Two annotations are particularly relevant from an attack surface perspective:
- @RemoteAction exposes an Apex method to JavaScript via Visualforce.
- @AuraEnabled exposes a method to Lightning components (Aura and LWC) and, critically, to Experience Cloud sites.
Those become even more dangerous when they can be invoked by guest users - unauthenticated visitors to an Experience Cloud site or a Visualforce site.
Note that there are other ways to expose Apex methods, such as @HttpGet or @HttpPost. Salesforce allows guest user access to @AuraEnabled methods if the class is exposed through a guest user profile or permission sets assigned to the guest user.
Sharing Modes and the FLS/OLS Blind Spot
Apex classes can be declared with one of three sharing keywords:
public with sharing class MyClass { }
public without sharing class MyClass { }
public inherited sharing class MyClass { }
with sharing enforces the running user's sharing rules — meaning Apex will only return records the user has been granted access to through ownership, organization-wide defaults, role hierarchy, sharing rules, or manual shares. without sharing strips that record-level filter entirely, returning all records regardless of who owns them or what sharing rules say. inherited sharing defers to the sharing context of the calling class.
Those sharing modes are often confused with another important concept in Apex: User-Mode vs System-Mode.
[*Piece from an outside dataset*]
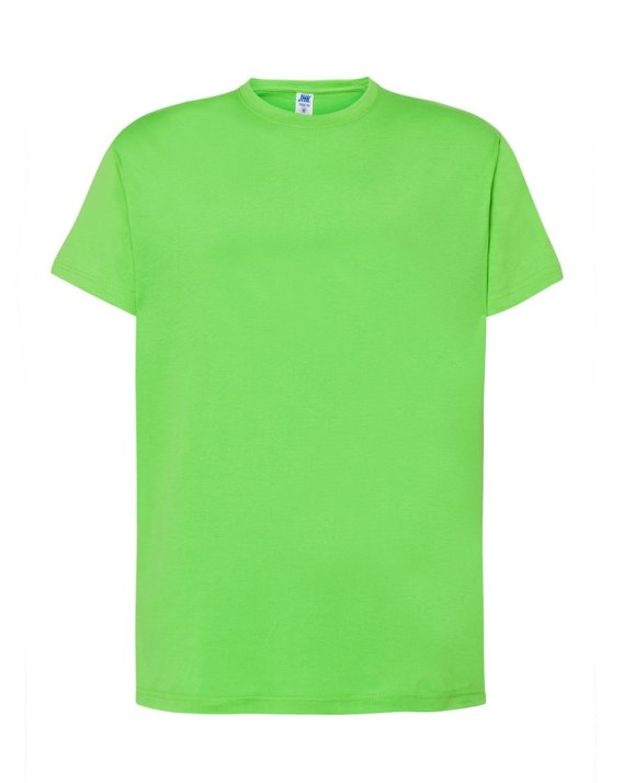 T-shirt męski z krótkim rękawem. Brak bocznych szwów. Podwójne szwy na ramionach. Wzmocniony lycrą ściągacz. Taśma wzmacniająca. 100% bawełna stabilizowana.

Developers add with sharing and believe their method is now secure. It isn't.
The sharing keyword controls record-level security only. It says nothing about whether the running user has permission to read a given object or field. Object-Level Security (OLS) and Field-Level Security (FLS) are enforced in User-Mode, but not in System-Mode. When Apex is invoked as a remote action or using Aura, it runs in System-Mode, meaning it ignores them entirely unless you explicitly enforce them in code. This is true regardless of whether you use with sharing or without sharing.
Consider this class:
public with sharing class AccountService {
@AuraEnabled
public static List<Account> getAccounts() {
return [SELECT Id, Name, AnnualRevenue, TaxId__c FROM Account];
}
}
with sharing ensures the query only returns accounts the running user can see. But if that user's profile has FLS restrictions on AnnualRevenue or TaxId__c, those fields are returned anyway. The query executes in system mode with respect to field and object access - Salesforce does not strip restricted fields automatically. Even if the user’s profile or permission sets do not allow access to Account altogether, but the Account records are allowed (for example, because of Organization-Wide Defaults) — the Apex code will retrieve and return the records.
without sharing takes this further. On top of ignoring FLS and OLS, it also ignores record-level restrictions — the query returns every Account in the org. It is the most permissive and most dangerous mode. When “without sharing” is used, the developers must justify it and must list the potential threats and how they address them.
The correct mental model:
OLS and FLS require explicit programmatic enforcement in all cases.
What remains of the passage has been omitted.